Although this study did not primarily aim to compare the performance of disproportionality analysis models and methods, it supplements the knowledge on this topic. Importantly, we observed very similar results between frequentist and Bayesian methods, in accordance with some previous studies (Candore et al., 2015; Pham et al., 2019). This might indicate that our results could be generalized to other methods. In addition, we found comparable performance between four models: all suspect reports included, limiting reports from a given country, including only reports by health professionals, and including only serious cases, with a lower proportion of misclassified SDR when using the first two methods. In contrast, models restricting comparison to a given therapeutic area, including only cases reported within 5 years of drug approval, or including concomitant reports, were inferior whatever the method. An earlier study conducted by Seabroke et al. likewise showed an appreciable benefit associated with subgrouping by reporter qualification or by country of origin, but little advantage using severity (Seabroke et al., 2016). This discrepancy might be explained by a slightly different definition of a positive signal (subgroup analyses were examined in each strata and a SDR was found significant if the criteria were met in any of the strata). In 2013 Harpaz et al. compared the performances of several disproportionality methods using the FDA adverse event reporting database using the same reference set (Harpaz et al., 2013). They also found a better specificity than sensitivity of the reported odds ratio but the overall performances were inferior to those in our study. That may be due to the greater number of cases included in our study (21 million vs. 5 million) and broader definitions of outcomes, consistent with other studies that found higher performances using larger databases and similar event definitions (Reich et al., 2013; Caster et al., 2020).

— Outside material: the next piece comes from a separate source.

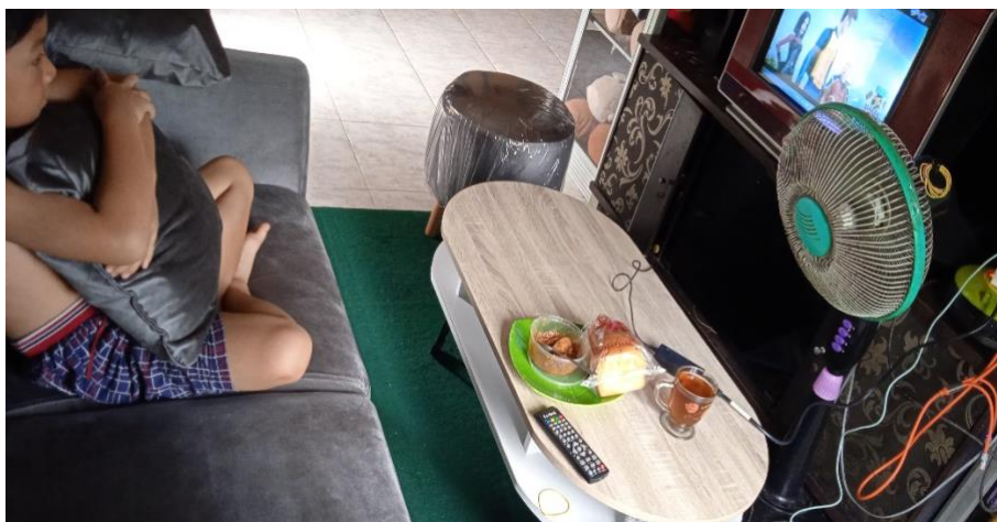
Gambar 4.16 Aktivitas H sedang menonton televisi

Siang sampai ke sore hari H biasanya menghabiskan waktunya menonton televisi hingga ketiduran, sembari menunggu handphone nya sedang di charghe , ayah H alias Ayah F menghabiskan waktunya beristirahat di dalam kamar, dan Ibu L menyelesaikan pekerjaan rumah yang lainnya.
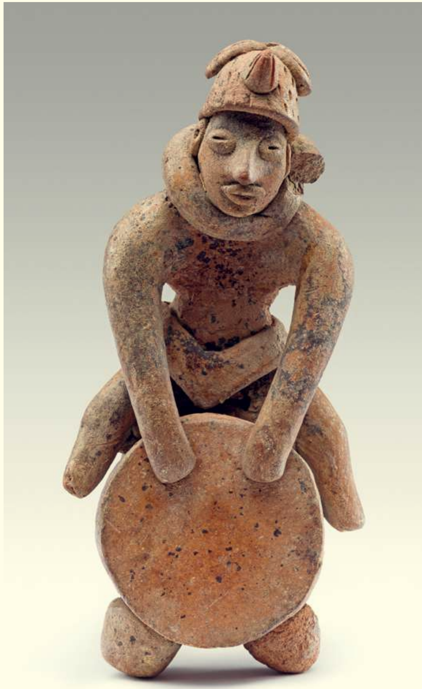
Página anterior: [1] Xochipilli, señor de las flores, la fertilidad, la poesía y el canto entre los mexicas. Tlalmanalco, Estado de México. Ca. 1250. Izquierda: [2] Figura antropomorfa con flauta cilíndrica. Chupícuaro, Guanajuato. Ca. 200. Derecha: [3] Figura antropomorfa tocando el huéhuatl . Colima. Ca. 200.

¿De qué formas estuvo presente la música en el universo de la cultura náhuatl? En su origen, fue un regalo de los dioses. Luego acompañó su existencia, sus fiestas, sus bailes, sus cantos y sus plegarias. La música fomentó su florecer a través de los siglos hasta el día en que el pueblo náhuatl y su cultura parecieron morir. Mas, contra lo que pudo pensarse, a pesar de adversidades sin cuento, el pueblo náhuatl perdura en muchos lugares. Se escucha y se escribe una nueva palabra. El pueblo náhuatl sigue amando la música y, puesto de pie, quiere avizorar la vida con esperanza y coraje.

Our study had some limitations. The reference dataset used here is one of the largest to date that incorporates both SPCs and evidence from literature reviews. However, Hauben et al. suggested that a small part of false drug-event pairs may be misclassified, which could impact the performances of disproportionality analyses (Hauben et al., 2016). Nonetheless, the comparisons between models and methods are unlikely to have been affected by this bias. Moreover, to standardize the models we had to make choices (e.g. 5 year after drug approval for model 6, United States country for model 2 or defining the therapeutic area by the ATC level 3 in model 4). These standardized definitions may not be relevant for some drug-event pairs (e.g. for drugs not commercialized in the United States or belonging to an heterogenous ATC class) and have to be further adapted to the nature of the studied drug and ADR. The findings of our study may not be generalizable to other databases due to differences related to the database background and the medical products covered. Nevertheless, several studies have highlighted the similitudes and overlaps between SDR found from pharmaceutical company databases and international pharmacovigilance databases (Candore et al., 2015; Vogel et al., 2020). Finally, while it can be assumed that the results are applicable to other drug events pairs, the predicted probabilities calculated in this study are not extrapolable.

Conclusion

To conclude, this study shows the wide variability of disproportionality analysis results depending on the method and model specifications, thus opening the door for selective reporting of results. We therefore advocate for the pre-registration of protocols and the presentation of a set of secondary and sensitivity analyses instead of a unique result to limit reporting bias and because variability in the results may reflect the likelihood of a signal being a true adverse drug reaction.